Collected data
————

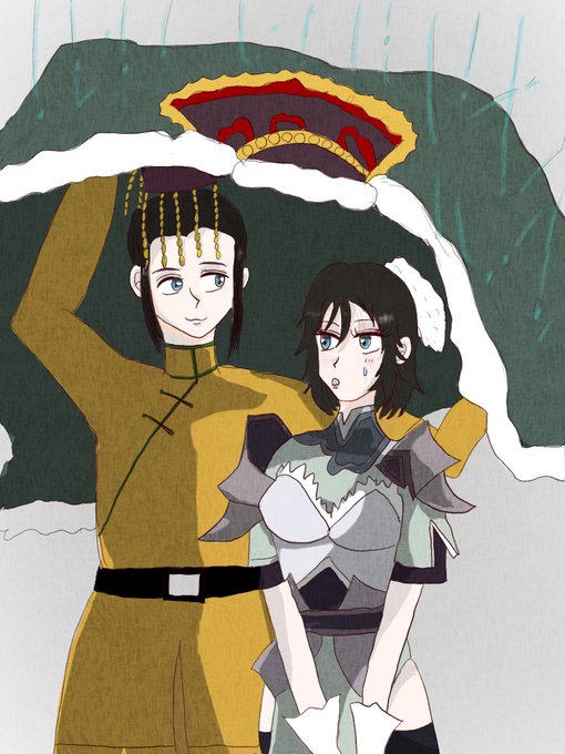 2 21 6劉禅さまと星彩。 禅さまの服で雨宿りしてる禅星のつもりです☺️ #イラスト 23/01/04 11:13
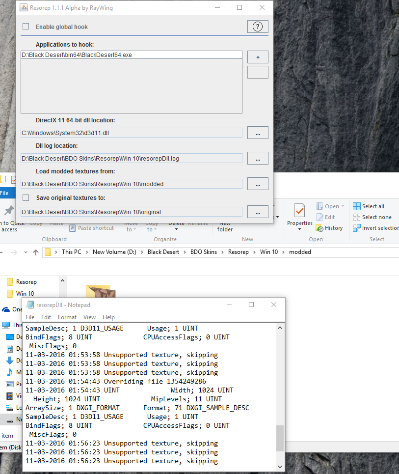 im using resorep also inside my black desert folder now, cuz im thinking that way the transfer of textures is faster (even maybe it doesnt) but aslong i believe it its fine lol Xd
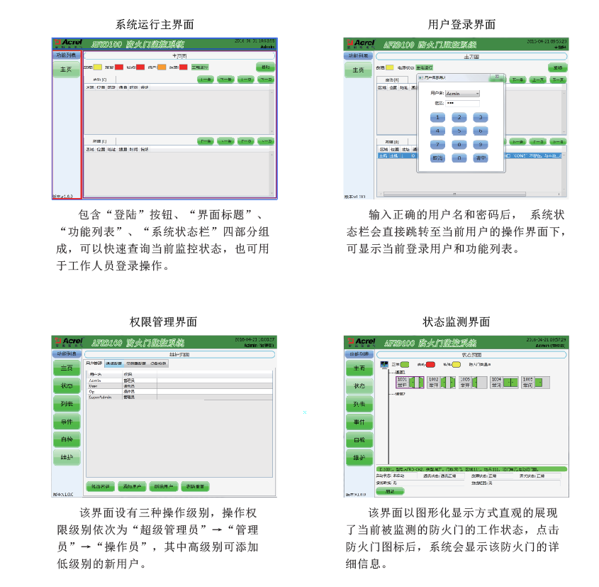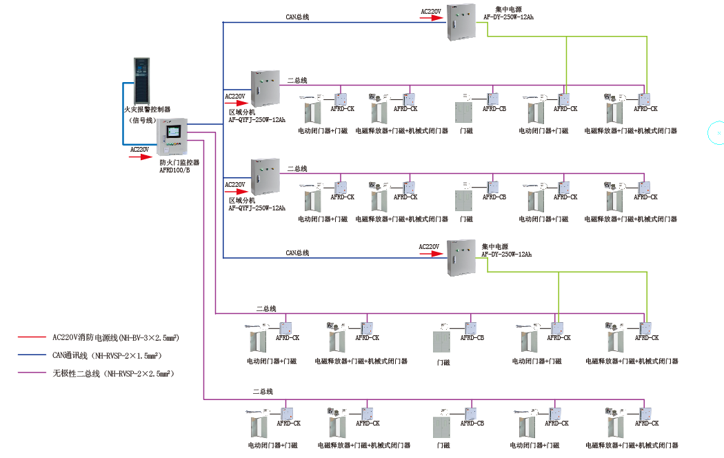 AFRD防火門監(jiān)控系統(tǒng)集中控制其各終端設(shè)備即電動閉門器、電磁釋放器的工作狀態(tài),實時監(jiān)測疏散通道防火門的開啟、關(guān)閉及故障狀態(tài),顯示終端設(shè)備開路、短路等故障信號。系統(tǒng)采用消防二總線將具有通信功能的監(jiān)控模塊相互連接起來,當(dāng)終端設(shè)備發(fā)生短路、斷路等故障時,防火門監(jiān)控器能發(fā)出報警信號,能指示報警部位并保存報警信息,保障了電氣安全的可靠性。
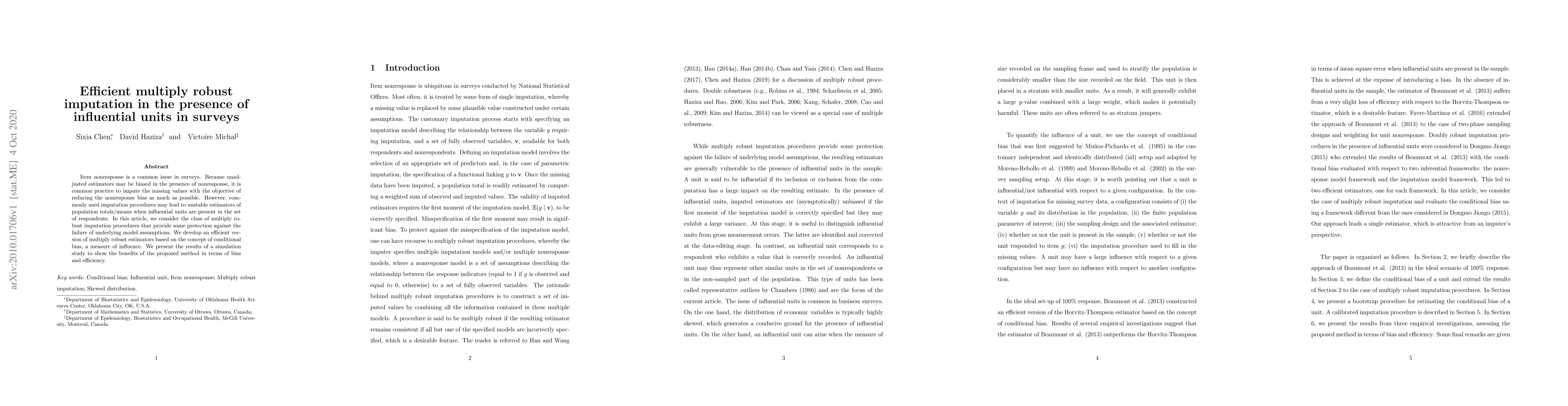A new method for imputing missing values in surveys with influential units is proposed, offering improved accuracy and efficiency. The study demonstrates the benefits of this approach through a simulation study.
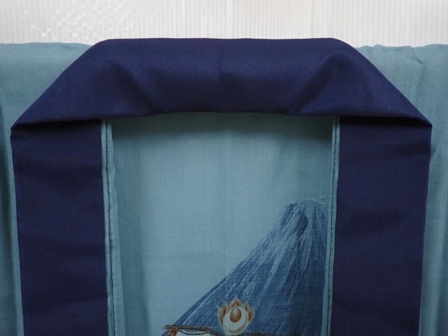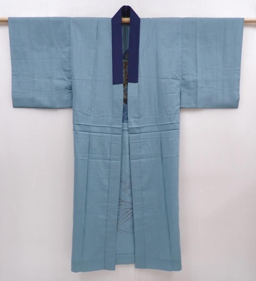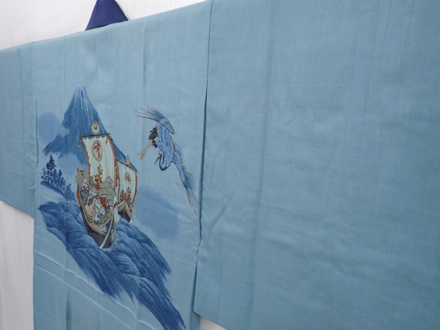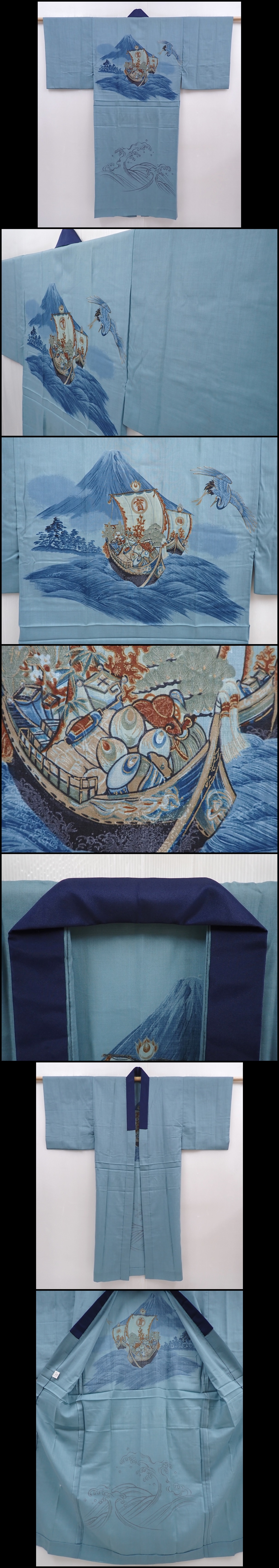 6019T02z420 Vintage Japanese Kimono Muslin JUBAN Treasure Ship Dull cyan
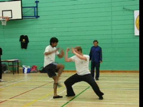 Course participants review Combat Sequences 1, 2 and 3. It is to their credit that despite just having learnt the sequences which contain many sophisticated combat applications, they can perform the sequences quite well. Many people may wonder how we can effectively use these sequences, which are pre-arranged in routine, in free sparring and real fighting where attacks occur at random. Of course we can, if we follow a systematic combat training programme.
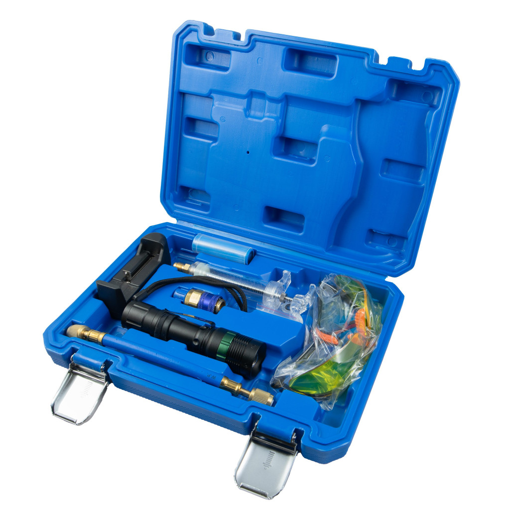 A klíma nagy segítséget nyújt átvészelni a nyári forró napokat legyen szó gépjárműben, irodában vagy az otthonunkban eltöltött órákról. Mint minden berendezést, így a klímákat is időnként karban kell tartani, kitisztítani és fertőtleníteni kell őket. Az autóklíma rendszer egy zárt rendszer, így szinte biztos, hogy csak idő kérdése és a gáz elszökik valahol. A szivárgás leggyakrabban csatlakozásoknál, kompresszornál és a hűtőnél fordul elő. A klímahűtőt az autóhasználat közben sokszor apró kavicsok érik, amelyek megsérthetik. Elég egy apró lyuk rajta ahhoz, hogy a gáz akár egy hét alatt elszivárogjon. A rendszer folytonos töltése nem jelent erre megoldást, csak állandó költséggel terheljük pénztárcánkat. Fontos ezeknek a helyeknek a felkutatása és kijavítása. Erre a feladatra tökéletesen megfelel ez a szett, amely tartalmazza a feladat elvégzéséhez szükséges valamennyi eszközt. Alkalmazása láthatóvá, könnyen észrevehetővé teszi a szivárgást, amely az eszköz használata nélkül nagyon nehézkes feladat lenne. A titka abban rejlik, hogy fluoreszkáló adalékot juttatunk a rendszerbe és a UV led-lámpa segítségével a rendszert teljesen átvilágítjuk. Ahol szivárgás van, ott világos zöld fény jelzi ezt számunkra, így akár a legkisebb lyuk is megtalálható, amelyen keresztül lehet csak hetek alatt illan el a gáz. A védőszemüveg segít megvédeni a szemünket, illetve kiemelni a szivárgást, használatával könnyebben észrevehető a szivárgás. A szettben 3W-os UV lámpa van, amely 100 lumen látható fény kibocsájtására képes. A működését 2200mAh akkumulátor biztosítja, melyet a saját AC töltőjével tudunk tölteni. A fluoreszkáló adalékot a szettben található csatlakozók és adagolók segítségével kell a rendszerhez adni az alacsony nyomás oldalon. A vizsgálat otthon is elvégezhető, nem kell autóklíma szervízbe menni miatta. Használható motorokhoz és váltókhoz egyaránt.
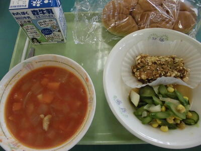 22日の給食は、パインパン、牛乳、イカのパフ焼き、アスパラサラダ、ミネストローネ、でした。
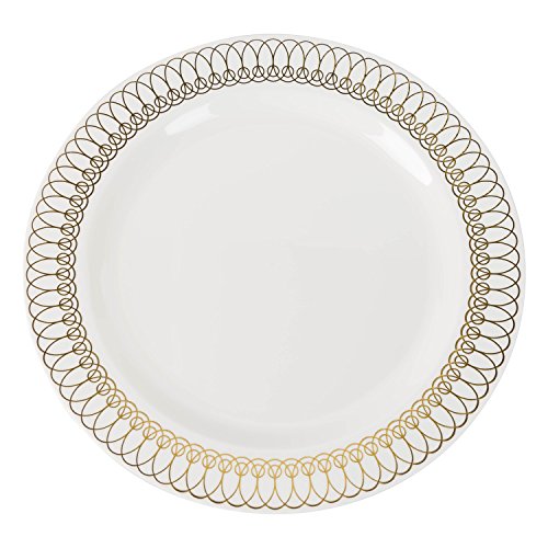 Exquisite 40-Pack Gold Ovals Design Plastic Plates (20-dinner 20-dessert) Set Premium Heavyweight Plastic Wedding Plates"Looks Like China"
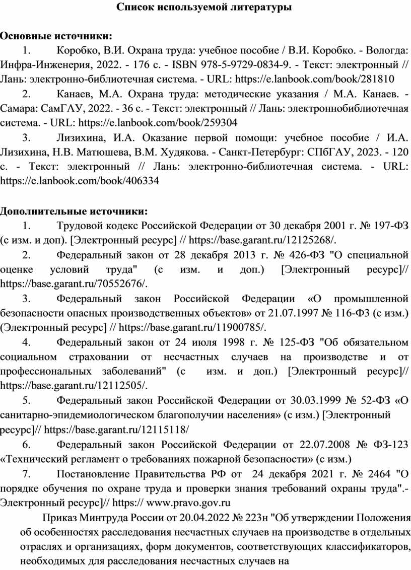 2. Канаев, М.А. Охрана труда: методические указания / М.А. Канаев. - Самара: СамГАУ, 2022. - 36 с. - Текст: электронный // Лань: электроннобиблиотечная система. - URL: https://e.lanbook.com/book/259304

————

Directions for this task:
Your copy should run from the line that has "22日の給食は、パインパン、" through the last line above, exactly, with both ends in and pictures out.

Exercise solution:
 22日の給食は、パインパン、牛乳、イカのパフ焼き、アスパラサラダ、ミネストローネ、でした。
 Exquisite 40-Pack Gold Ovals Design Plastic Plates (20-dinner 20-dessert) Set Premium Heavyweight Plastic Wedding Plates"Looks Like China"
 2. Канаев, М.А. Охрана труда: методические указания / М.А. Канаев. - Самара: СамГАУ, 2022. - 36 с. - Текст: электронный // Лань: электроннобиблиотечная система. - URL: https://e.lanbook.com/book/259304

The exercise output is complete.